* TASK OBJECTIVE *
Print every entry below again exactly as written, skipping the pictures.

* AVAILABLE RECORDS *

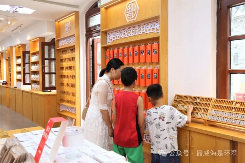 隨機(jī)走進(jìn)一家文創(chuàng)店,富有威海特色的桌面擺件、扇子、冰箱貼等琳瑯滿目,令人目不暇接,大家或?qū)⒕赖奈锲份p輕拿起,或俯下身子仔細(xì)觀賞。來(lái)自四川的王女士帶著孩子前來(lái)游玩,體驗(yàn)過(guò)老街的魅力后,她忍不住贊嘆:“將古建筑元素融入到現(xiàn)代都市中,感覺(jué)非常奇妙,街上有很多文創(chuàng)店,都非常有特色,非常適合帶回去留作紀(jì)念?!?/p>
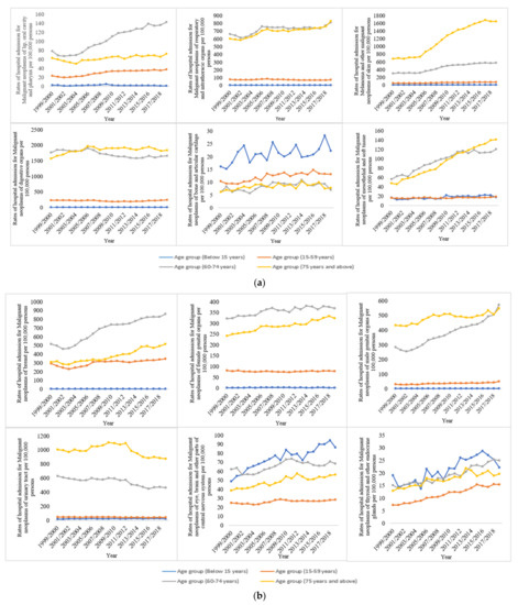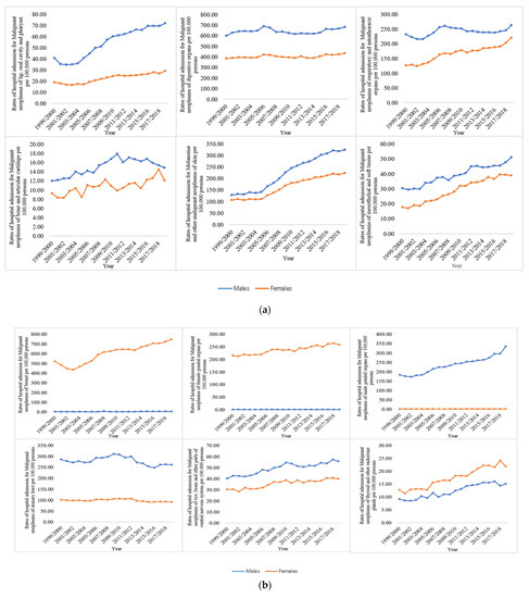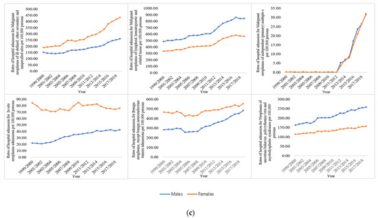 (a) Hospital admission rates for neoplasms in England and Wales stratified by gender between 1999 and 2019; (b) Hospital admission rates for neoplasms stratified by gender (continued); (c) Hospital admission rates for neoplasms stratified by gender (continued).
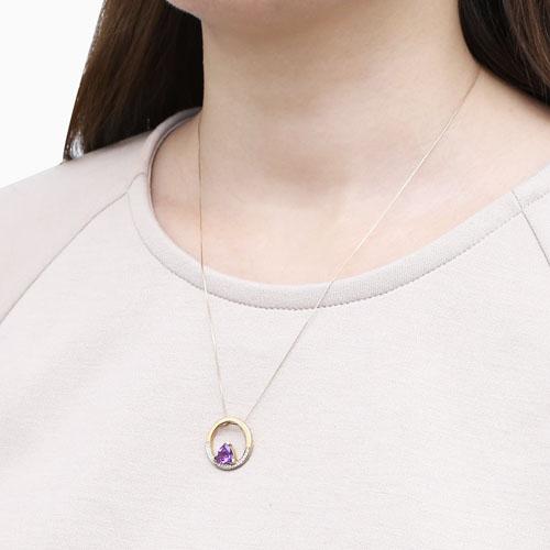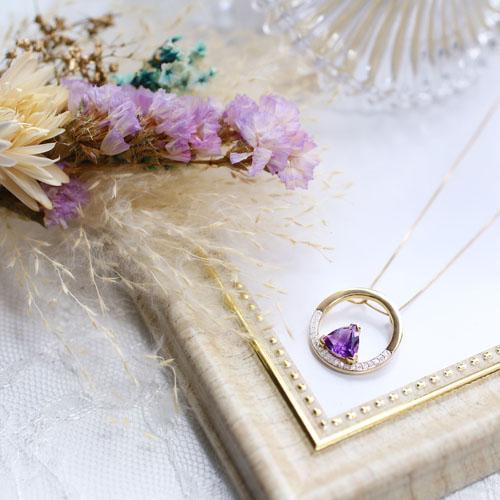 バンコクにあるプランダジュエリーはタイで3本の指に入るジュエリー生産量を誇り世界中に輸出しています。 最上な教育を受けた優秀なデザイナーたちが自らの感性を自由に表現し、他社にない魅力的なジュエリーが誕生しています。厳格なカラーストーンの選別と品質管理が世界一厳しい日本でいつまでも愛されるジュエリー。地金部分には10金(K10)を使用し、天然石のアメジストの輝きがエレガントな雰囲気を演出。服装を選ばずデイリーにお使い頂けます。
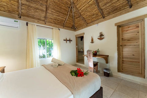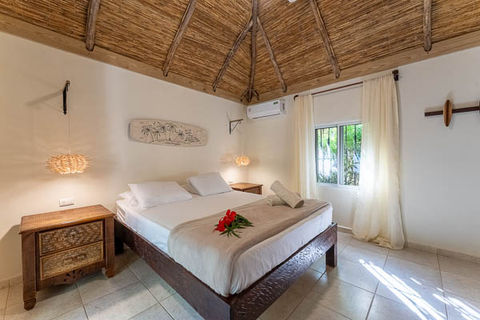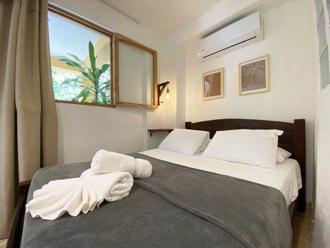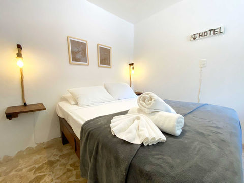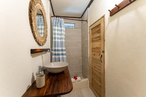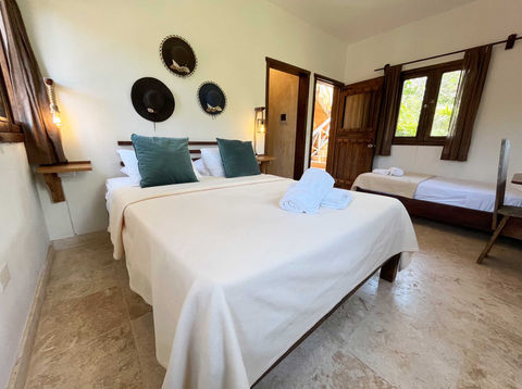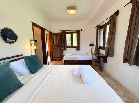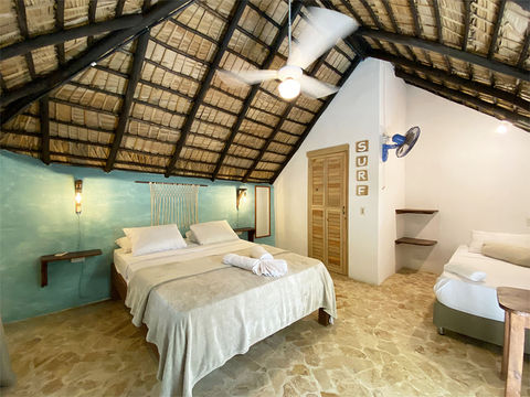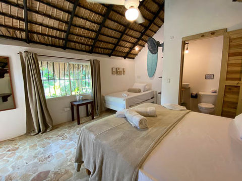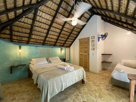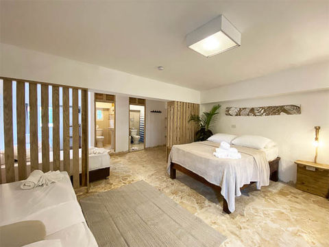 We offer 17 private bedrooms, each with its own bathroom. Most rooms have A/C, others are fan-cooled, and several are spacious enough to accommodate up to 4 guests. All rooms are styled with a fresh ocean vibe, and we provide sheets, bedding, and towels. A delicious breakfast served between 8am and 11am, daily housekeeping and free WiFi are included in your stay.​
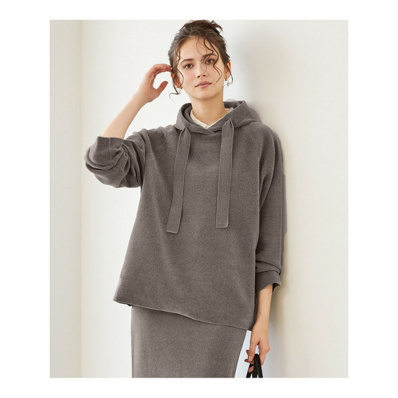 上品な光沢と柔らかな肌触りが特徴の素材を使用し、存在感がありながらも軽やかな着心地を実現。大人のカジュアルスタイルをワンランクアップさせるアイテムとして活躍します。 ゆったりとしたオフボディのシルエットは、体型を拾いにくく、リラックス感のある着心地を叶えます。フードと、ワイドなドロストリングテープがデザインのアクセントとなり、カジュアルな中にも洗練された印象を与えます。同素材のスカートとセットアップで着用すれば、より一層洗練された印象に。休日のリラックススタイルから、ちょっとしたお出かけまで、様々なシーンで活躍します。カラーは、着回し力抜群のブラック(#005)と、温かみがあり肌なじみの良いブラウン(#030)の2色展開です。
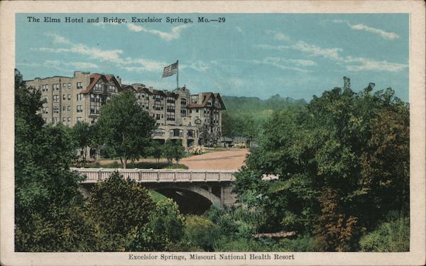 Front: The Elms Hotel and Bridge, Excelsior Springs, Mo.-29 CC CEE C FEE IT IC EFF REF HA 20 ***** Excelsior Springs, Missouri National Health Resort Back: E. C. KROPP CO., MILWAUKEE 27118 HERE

* ANSWER BELOW *
 隨機(jī)走進(jìn)一家文創(chuàng)店,富有威海特色的桌面擺件、扇子、冰箱貼等琳瑯滿目,令人目不暇接,大家或?qū)⒕赖奈锲份p輕拿起,或俯下身子仔細(xì)觀賞。來(lái)自四川的王女士帶著孩子前來(lái)游玩,體驗(yàn)過(guò)老街的魅力后,她忍不住贊嘆:“將古建筑元素融入到現(xiàn)代都市中,感覺(jué)非常奇妙,街上有很多文創(chuàng)店,都非常有特色,非常適合帶回去留作紀(jì)念?!?/p>
 (a) Hospital admission rates for neoplasms in England and Wales stratified by gender between 1999 and 2019; (b) Hospital admission rates for neoplasms stratified by gender (continued); (c) Hospital admission rates for neoplasms stratified by gender (continued).
 バンコクにあるプランダジュエリーはタイで3本の指に入るジュエリー生産量を誇り世界中に輸出しています。 最上な教育を受けた優秀なデザイナーたちが自らの感性を自由に表現し、他社にない魅力的なジュエリーが誕生しています。厳格なカラーストーンの選別と品質管理が世界一厳しい日本でいつまでも愛されるジュエリー。地金部分には10金(K10)を使用し、天然石のアメジストの輝きがエレガントな雰囲気を演出。服装を選ばずデイリーにお使い頂けます。
 We offer 17 private bedrooms, each with its own bathroom. Most rooms have A/C, others are fan-cooled, and several are spacious enough to accommodate up to 4 guests. All rooms are styled with a fresh ocean vibe, and we provide sheets, bedding, and towels. A delicious breakfast served between 8am and 11am, daily housekeeping and free WiFi are included in your stay.​
 上品な光沢と柔らかな肌触りが特徴の素材を使用し、存在感がありながらも軽やかな着心地を実現。大人のカジュアルスタイルをワンランクアップさせるアイテムとして活躍します。 ゆったりとしたオフボディのシルエットは、体型を拾いにくく、リラックス感のある着心地を叶えます。フードと、ワイドなドロストリングテープがデザインのアクセントとなり、カジュアルな中にも洗練された印象を与えます。同素材のスカートとセットアップで着用すれば、より一層洗練された印象に。休日のリラックススタイルから、ちょっとしたお出かけまで、様々なシーンで活躍します。カラーは、着回し力抜群のブラック(#005)と、温かみがあり肌なじみの良いブラウン(#030)の2色展開です。
 Front: The Elms Hotel and Bridge, Excelsior Springs, Mo.-29 CC CEE C FEE IT IC EFF REF HA 20 ***** Excelsior Springs, Missouri National Health Resort Back: E. C. KROPP CO., MILWAUKEE 27118 HERE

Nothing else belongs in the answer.